# Problème d'Affichage des pages Internet



## cdst78 (22 Juin 2018)

Bonjour à Tous, 
Je reviens à l'utilisation de mon MAC (OS X 10.9.5 (13F1911) après une longue utilisation de PC dûe à mon activité professionnelle et je rencontre un BUG que mes connaissances informatiques ne permettent pas de résoudre ! Lorsque *j'ouvre une page internet sur SAFARI, *l'affichage est anormalement* tronqué *des caractères spéciaux s'affichent, les images, elles, ne s'affichent pas (comme si il y avait un problème de compatibilité) il y a surtout énormément de *sauts de pages* et *il me faut défiler la page longuement* pour arriver au menu ....
Je ne sais pas si je vous ai assez "clairement" décrit le soucis, mais je l'espère ...._Je vous joins une capture d'écran, si cela peux vous aider à m'aider  _ Car la navigation sur internet devient vraiment pénible.... Je ne rencontre pas ce soucis, tout le temps, mais en majeur partie.


----------



## jethro2009 (4 Juillet 2018)

https://www.macg.co/logiciels/2018/07/le-web-source-dobsolescence-trop-souvent-ignoree-102847

Que dire d'autre ?


----------



## Bartolomeo (5 Juillet 2018)

Installe Firefox.


----------



## Membre supprimé 1129907 (5 Juillet 2018)

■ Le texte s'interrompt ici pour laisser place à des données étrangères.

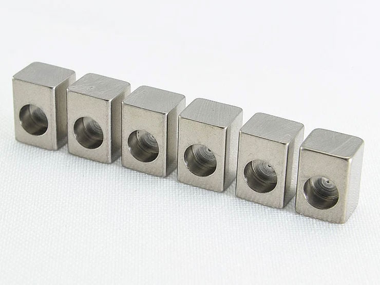 Ti-Block / Insert Block for Floyd Rose Style Tremolo 7-piece is a titanium insert block designed to fit the new Floyd Rose original specification saddle. Equipped with KTS's titanium insert block, it adds a bright and warm tone with a bright feel and a plump midrange to the guitar.
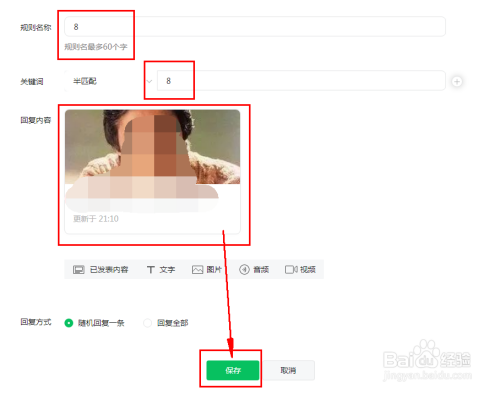 最后一步 自动回复 的 关键词 随便 数字 和 字母 都可以
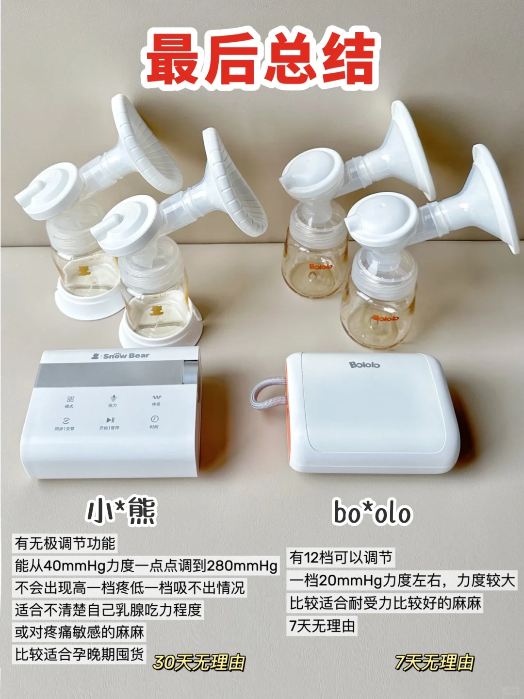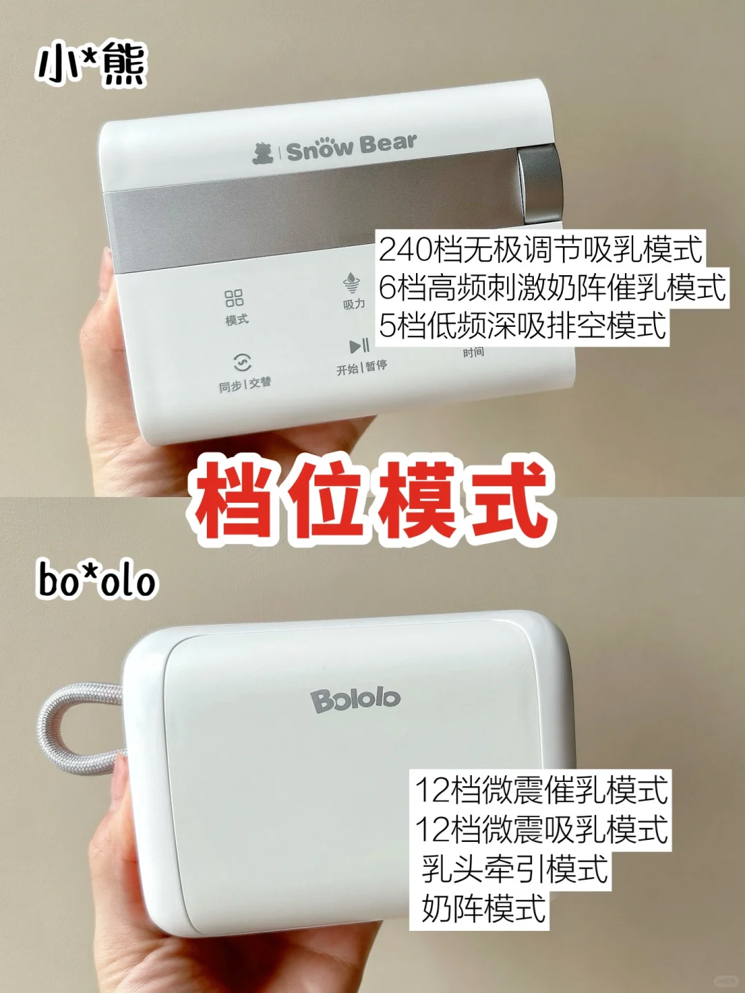 👉小*熊有240档吸乳模式无极调节、6档催乳模式高频刺激奶阵、5档排空低频深吸
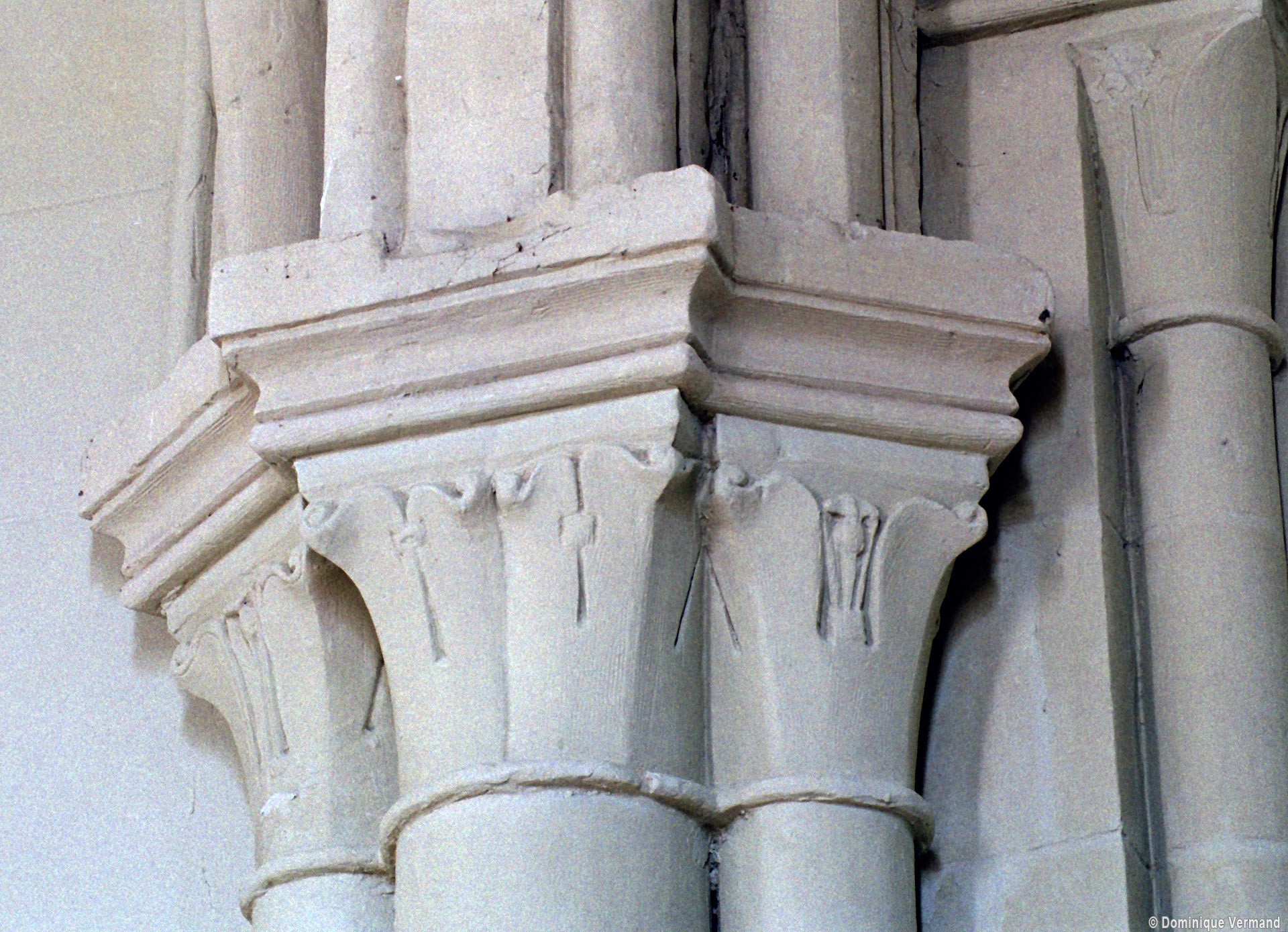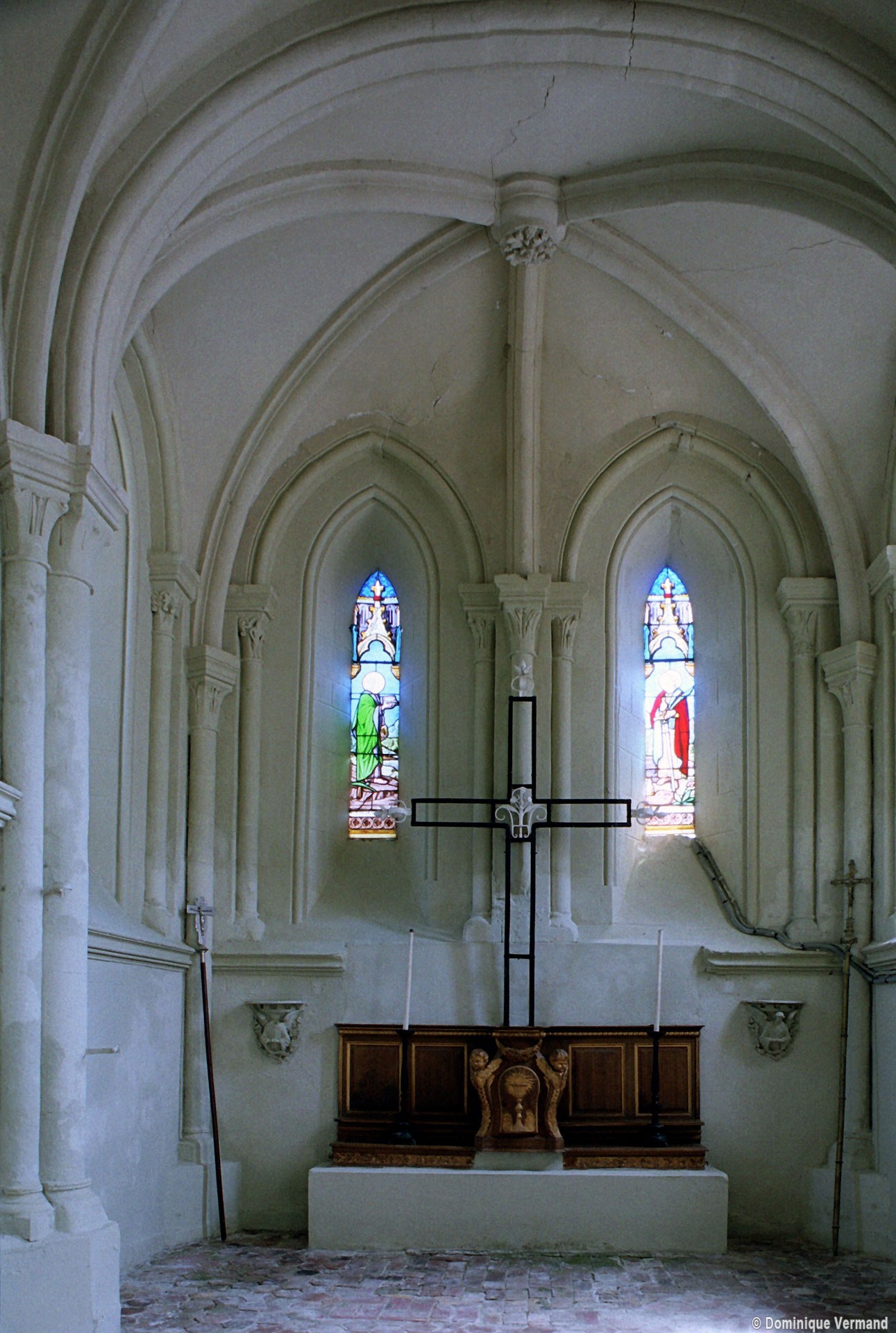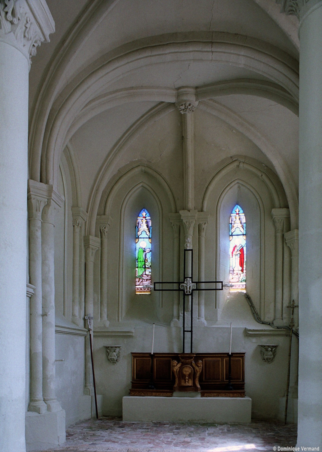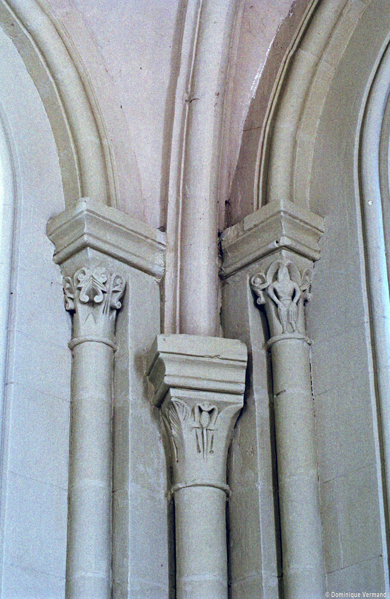 Le choeur, nettement plus large que la croisée avec laquelle il communique, est constitué de deux travées rectangulaires. La voûte de la seconde travée est dotée d’une nervure supplémentaire qui retombe entre les deux fenêtres du chevet. Il s’agit d’une disposition très originale très certainement reprise des chapelles de l’église abbatiale et qui se rencontre également, à la même époque, à Oudeuil. Les chapiteaux de cette partie orientale de l’église forment un ensemble tout à fait remarquable dont le décor est principalement constitué de feuilles découpées ou d’acanthe, deux thèmes alors très répandus. On y remarque également deux petits personnages sommairement traités. Malgré les lourdes restaurations opérées au 19ème siècle, tout cet ensemble sculpté est parfaitement authentique comme le prouve l’analyse minutieuse de la construction. A l’extérieur, le choeur frappe par la forme très aigüe des étroites fenêtres, autre influence de l’architecture cistercienne.
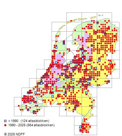 Het aantal atlasblokken (5x5 km) waarin de soort is gemeld binnen een periode van vijf jaar (vanaf 1980) of twintig jaar. Niet gecorrigeerd voor waarnemersinspanning en het aantal doorgegeven waarnemingen kan sterk variëren per periode, dus een trend in verspreiding kan hier niet direct uit worden afgelezen. Het opgegeven jaartal is het eerste jaar van de periode. Bron: gevalideerde waarnemingen uit de NDFF.
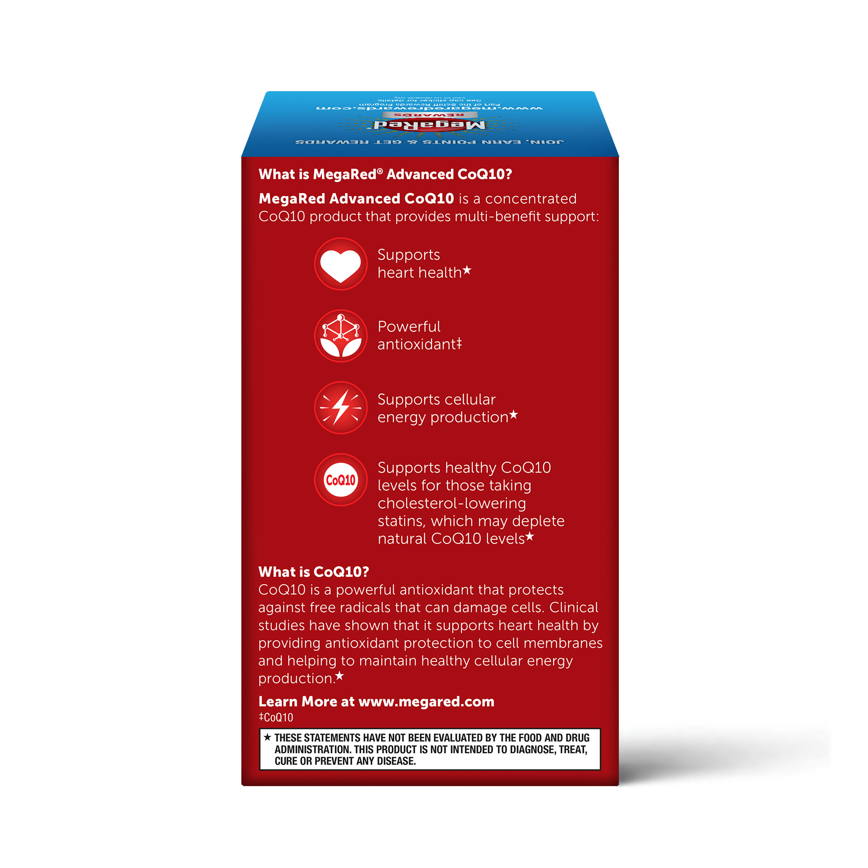- SUPPORTS HEALTHY COQ10 LEVELS: MegaRed Advanced CoQ10 supports healthy CoQ10 levels for those taking cholesterol-lowering statins, which may deplete natural CoQ10 levels.*
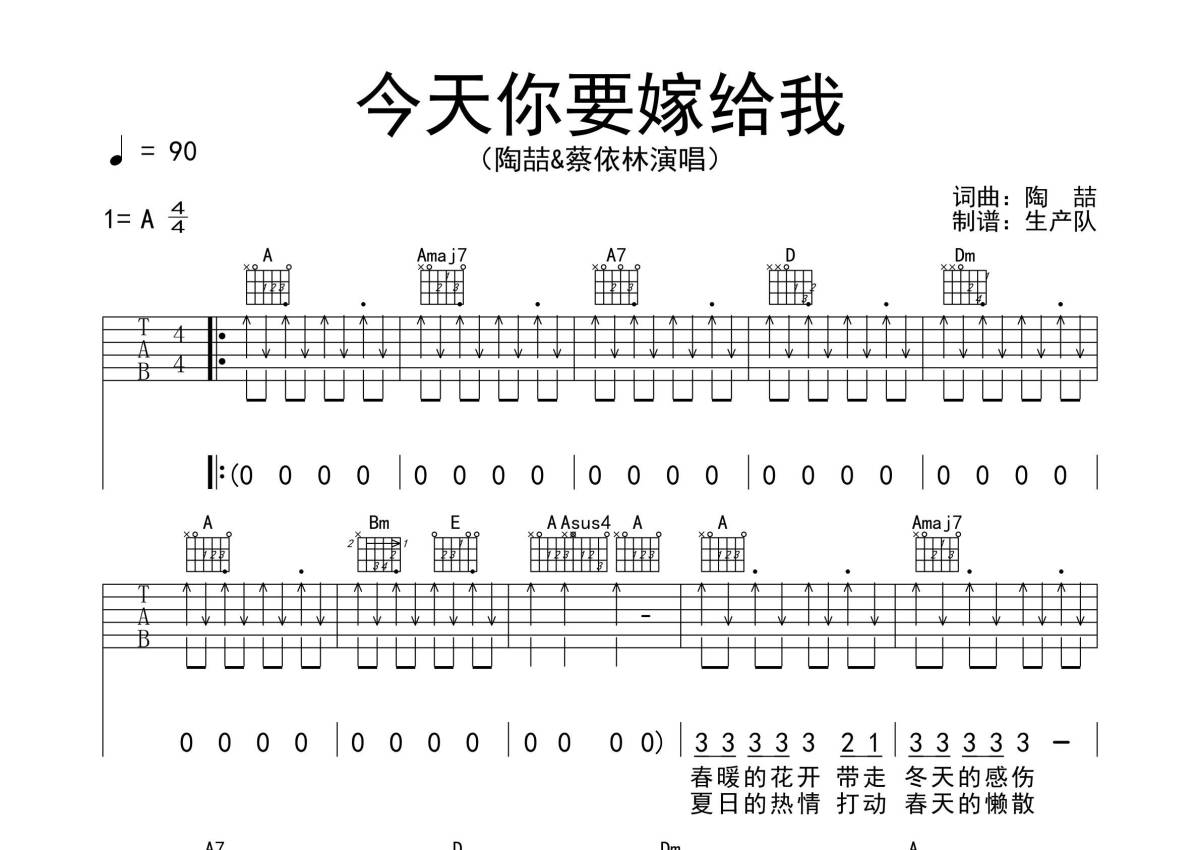 陶喆/蔡依林《今天你要嫁给我》吉他谱 - A调弹唱六线谱
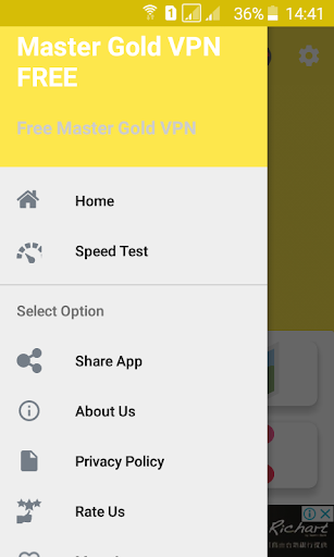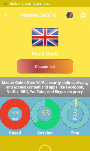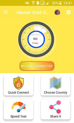 Master Gold VPN FREE is a free VPN application with several countries at your disposal, simple user interface with several features including SpeedTest FREE!
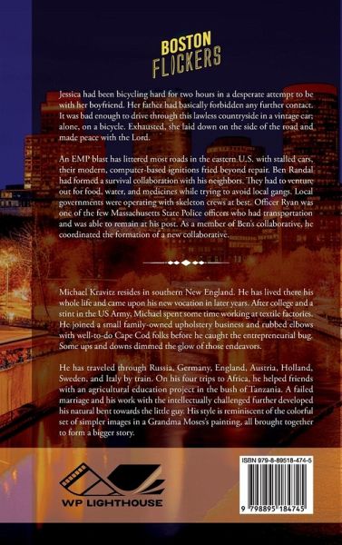 Jessica had been bicycling hard for two hours in a desperate attempt to be with her boyfriend. Her father had basically forbidden any further contact. It was bad enough to drive through this lawless countryside in a vintage car; alone, on a bicycle. Exhausted, she laid down on the side of the road and made peace with the Lord. An EMP blast has littered most roads in the eastern U.S. with stalled cars, their modern, computer-based ignitions fried beyond repair. Ben Randal had formed a survival collaboration with his neighbors. They had to venture out for food, water, and medicines while trying to avoid local gangs. Local governments were operating with skeleton crews at best. Officer Ryan was one of the few Massachusetts State Police officers who had transportation and was able to remain at his post. As a member of Ben's collaborative, he coordinated the formation of a new collaborative.
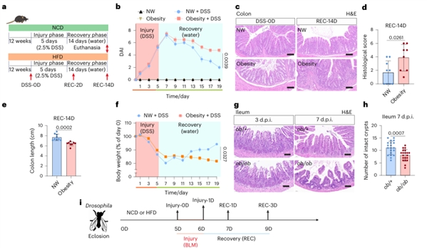 健康状态下,肠道内壁由一层不断更新的上皮细胞构成,而肠道干细胞(ISCs)则是上皮细胞源源不断再生的关键。这些干细胞会分化成多种功能细胞,维持肠道的完整性和功能。然而,研究者在小鼠中发现,高脂饮食诱导的肥胖小鼠在经历结肠炎后,肠道修复能力明显减弱。在恢复期第14天,肥胖小鼠表现出更严重的组织损伤和更短的结肠长度。
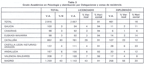 Analizando la distribución relativa de los Diplomados por Delegaciones, destaca el hecho de que suponen el 23% de la zona castellano - leonesa, y el 20% de la Delegación de Madrid, y sin embargo sólo suponen el 12% de la Delegación catalana, a pesar de las dos Escuelas de Psicología que existen o han existido en su zona, y el 8% de la zona valenciano - balear. Ver Tabla 4.
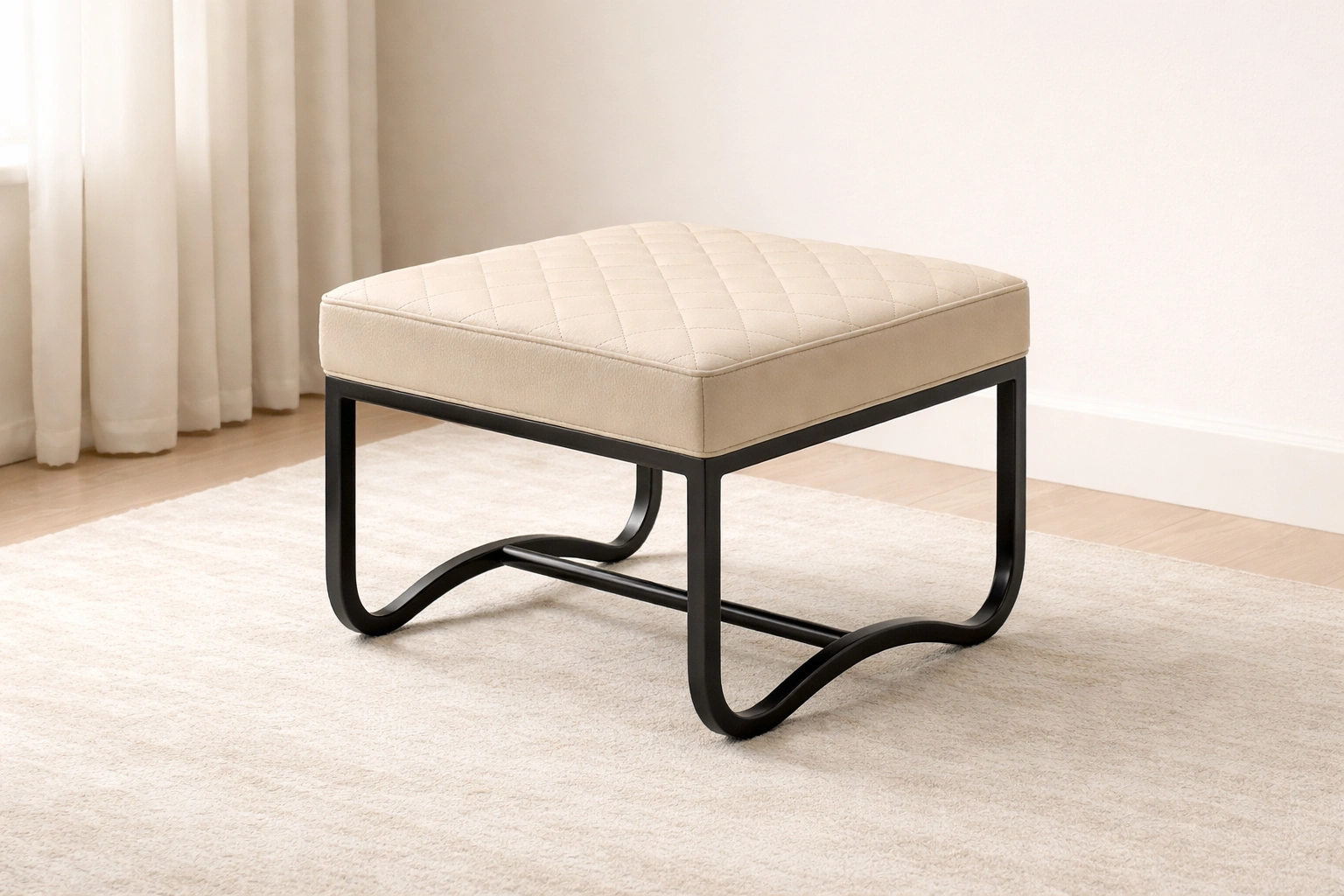 Banco de almacenamiento Tapizado en Lino Beige con Patas de Madera
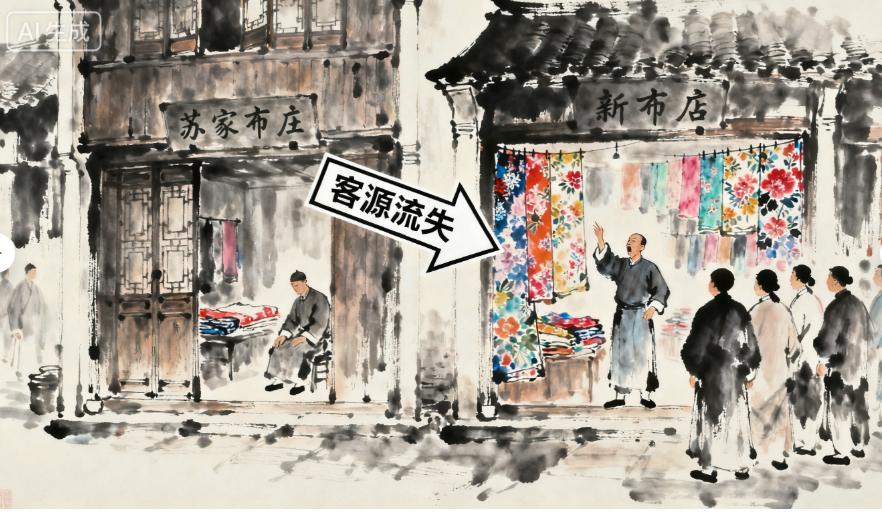 蘇明遠今年三十五歲,接手布莊已有十年。前幾年布莊生意還算紅火,鎮上的姑娘媳婦都愛來他這兒挑布料,可從去年秋天開始,生意就一天不如一天。先是上游的染坊漲了價,布料成本高了,他又舍不得漲售價,利潤越來越薄;后來隔壁又開了家新布莊,花樣多、價格低,搶走了不少客源。這幾個月下來,布莊不僅沒賺錢,還賠進去不少老本,眼看就要撐不下去了。

S'agit-il d'une page internet spécifique ? Si oui elle est mal créée côté serveur et ne s'affichera bien que sur certains navigateur comme IE


----------



## Locke (5 Juillet 2018)

jethro2009 a dit:


> Que dire d'autre ?


Que ce n'est sûrement pas le problème de notre ami cdst78, car Mavericks n'est pas encore un vieil OS X. Dommage que notre ami n'est pas joint une copie écran et surtout de nous mentionner si c'était un site particulier ou en général. Auquel cas, le plus simple serait de faire une réinstallation par-dessus sa version en cours et de voir ce qu'il se passe. Ca ne touchera que les fichiers système, mais pas les fichiers, dossiers, données personnelles et logiciels.


----------